How big is the Web? [data]

August 15th, 2012 § 6 comments

Tim Berners-Lee: The World Wide Web - Opportun...

Tim Berners-Lee: The World Wide Web

I was curious about the total pageviews of the web. It turns out they are not really tracked anywhere, and that they are easy to estimate, so I did a quick analysis.

First I found two sources for ‘global total pageviews’:

  • Akamai Net Usage Index – amazing real time dashboard of part of this data. They say that every minute 3 million pageviews are spent on news sites, and 10 million on social sites. That’s friggin’ a lot of pageviews! But I wanted to know the grand total, and hopefully get some sense on where the blogs are in the picture.
  • blog post about interpolating this data from Alexa. Nice approach, but a few years old data, so I decided to repeat the process.

Alexa publishes pageviews for every site for free as a % of global pageviews. First thing to do was estimate the grand total, as described in that blog post, by looking at the published data from Wikipedia.

11,600,000,000 / 0.5% = 2320,000,000,000 monthly total pageviews on the Web

… told you it was easy 🙂 but that just means we can dig deeper. Alexa publishes the list of top million sites in a downloadable text file, so I wrote a script to go trough it, scrape Alexa pages for top 10.000 sites and store their individual traffic shares.

The script also does some simple heuristics to classify sites into some categories, which I then manually completed. Turns out it’s really quick to go trough list of couple thousand sites 🙂 anyway, I’ve decided to create a super simple taxonomy for all websites. It is based on the frame of mind that a visitor has when she visits the site:

  1. search – primary purpose of the visit is to find something – information, people, content. so all content sharing sites fall into this as well.
  2. social – primary purpose is to socialize with other users
  3. media – primary purpose is to consume news streams and other editorial content. Blogs are a subset of this.
  4. e-commerce – primary purpose is to spend money. Amazon, E-Bay, eBookers, all fall into this.
  5. reference – primary purpose is to learn an information. Wikipedia is here, as well as individual company sites with information about products, like Microsoft or Chase.
  6. utility – primary purpose, explicit or implicit, is to use the tool or infrastructure. This one is tricky, but all e-mail providers are here, as well as some cloud storage providers (Dropbox) and ad networks that get hit automatically without users knowing it.
  7. unknown – unfortunately I don’t speak Chinese, or Arab or some 5000 other languages, so to spare time I skipped foreign sites, unless I knew them, like Yandex or Baidu.

Out of curiosity, I also looked at how many sites it takes to fill the Web. It turns out, that top 20 sites create 25% of all pageviews, and top 250 create 50% already. After that, we are already deep in the tail and the progress is super slow, and is actually still downloading…

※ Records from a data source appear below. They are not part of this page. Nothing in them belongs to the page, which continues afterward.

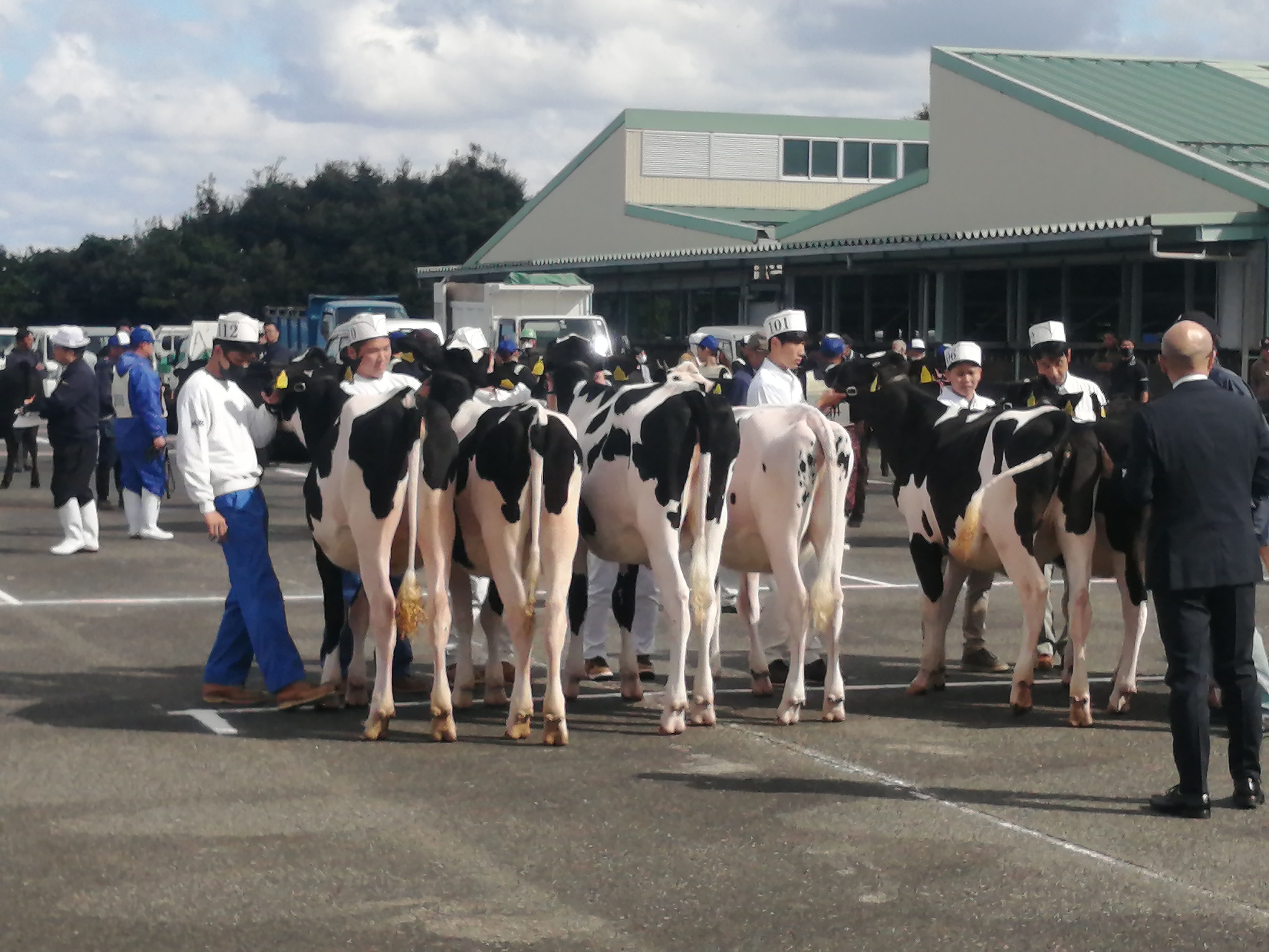 10月28日 鳥取県中央家畜市場で開催された鳥取県畜産共進会 乳牛の部に生物科 酪農部門で参加しました。
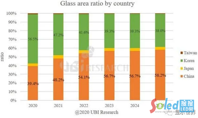 因此,在今年之前,韓國的量產(chǎn)基板面積為56.5%,但從2021年開始,中國的量產(chǎn)能力有望達(dá)到1%,但是產(chǎn)能比例正在快速逆轉(zhuǎn),預(yù)計(jì)2022年之后,中國的量產(chǎn)能力將有望超過50%。
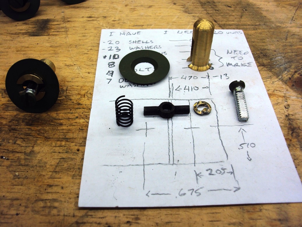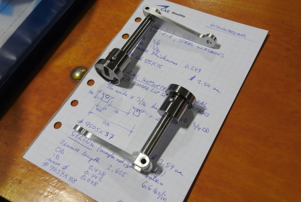 Jack and Dick consult with machinist Rudy J. (center) on some of the parts needed for the Hurricane hydraulic unit. Examples of Rudy's fine work above.
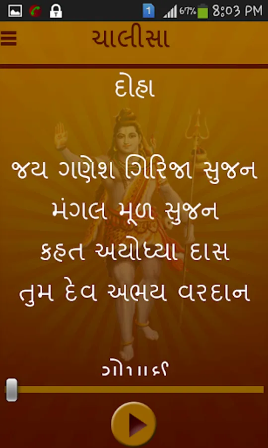 This application contains Shiva Tandav and Chalisa in Hindi language with Lyrics and Audio.
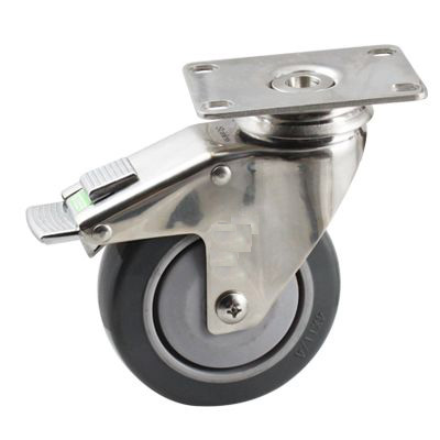 不锈钢活动平底带一体方向刹深灰色PU包灰色PP脚轮

So let’s first take a look at the top 50% of traffic and who creates it:

Of the 7% of media, the blogosphere represented 40%.

I’m assuming that Search and Social, that create the majority of the pageviews, are overrepresented in the head fo the web, so deeper the crawl will go, for media and reference will surface. I’ll publish an update with that. For now, here are the estimates of total pageviews based on these shares:

Category Monthly Global Pageviews Estimate
Search 1,125,711,592,824
Social 416,548,737,145
E-commerce 172,000,706,996
Media 159,984,707,266
Reference 106,394,591,704
Utility 75,323,701,823
Unknown 264,035,962,241
Total 2,320,000,000,000

I am very happy that the ‘media’ and ‘social’ estimates are very much inline with Akamai’s estimates.